**Exercise goal**:
Your reply should consist only of the lines from the one holding "An antique wooden" to the last line of the data below, written out exactly and without pictures.

====== Dataset excerpt

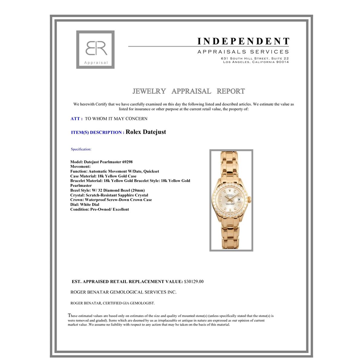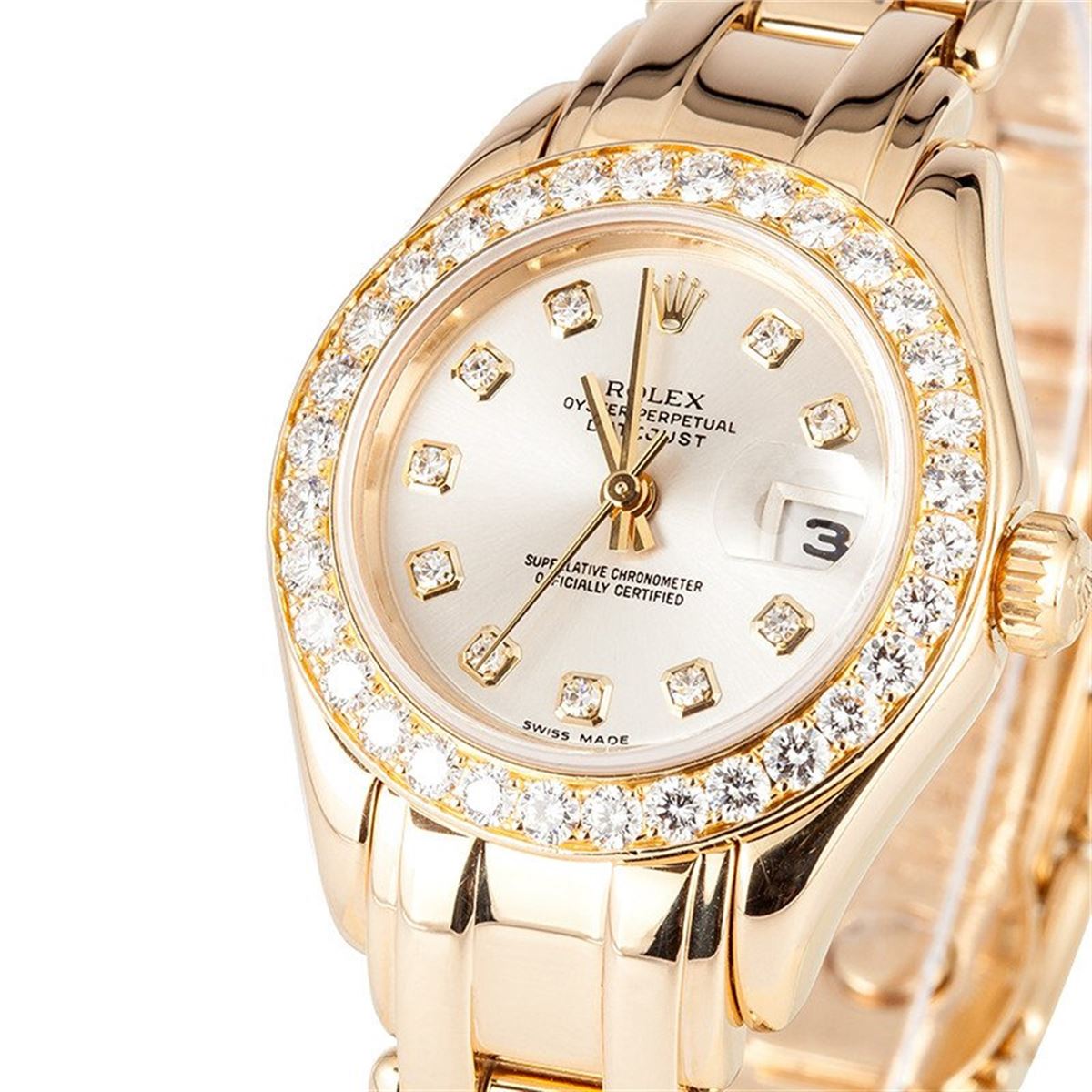 Model/Style-Datejust Pearlmaster 69298 Serial/Year-Random Features-Automatic movement w/ date, Quickset, scratch-resistant sapphire crystal, waterproof screw-down crown Case-18k yellow gold case w/ 32 diamond bezel (29mm) Bracelet-18k yellow gold Pearlmaster #9063
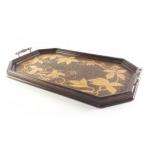 An antique wooden tray with inlaid vine design. Measures 60 x 35cm approx
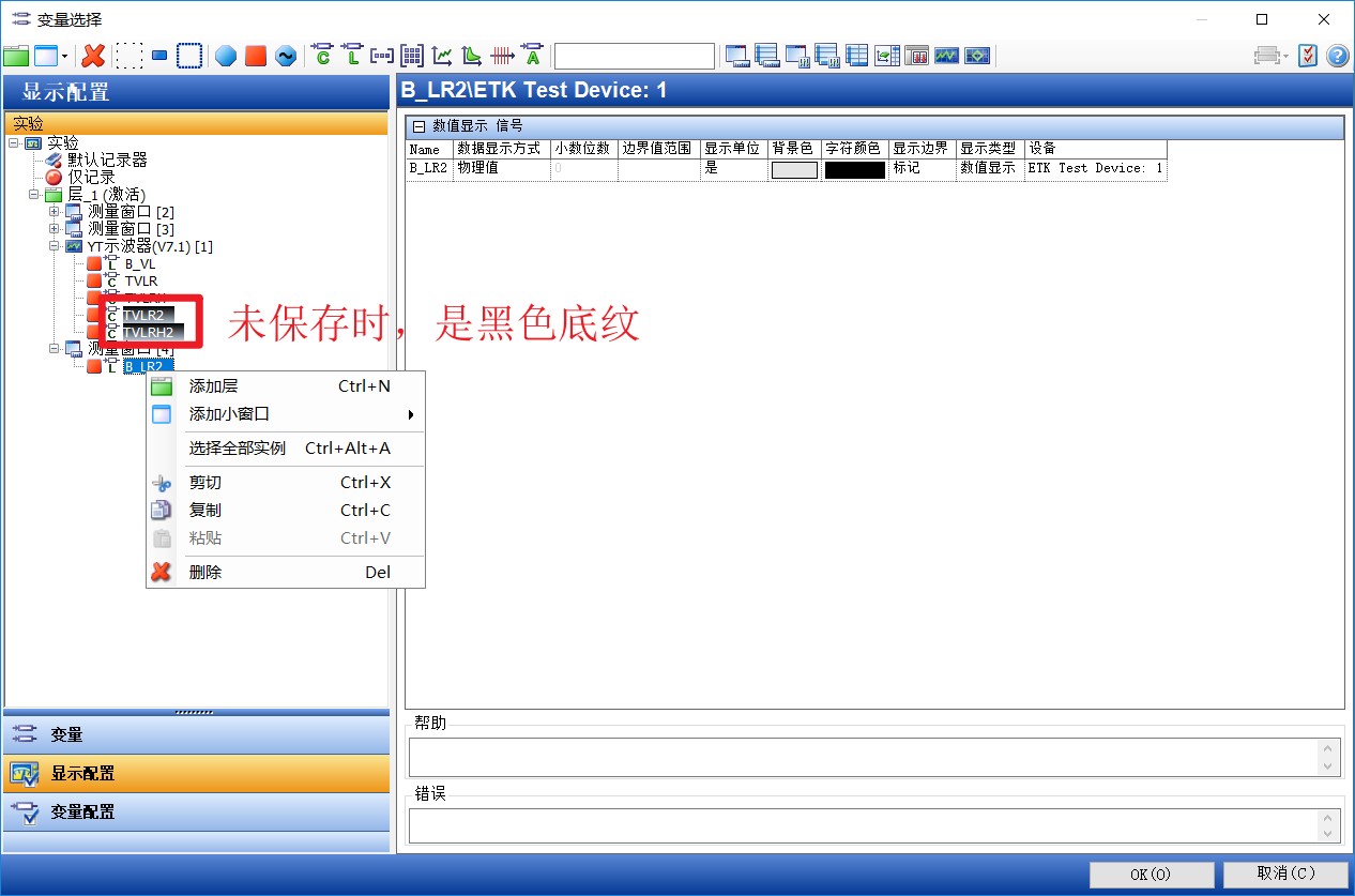 (7)选择变量B_VL、TVLR和TVLRH,右键→添加到→层1→新建→YT示波器。

============

**Result of the exercise**:
 An antique wooden tray with inlaid vine design. Measures 60 x 35cm approx
 (7)选择变量B_VL、TVLR和TVLRH,右键→添加到→层1→新建→YT示波器。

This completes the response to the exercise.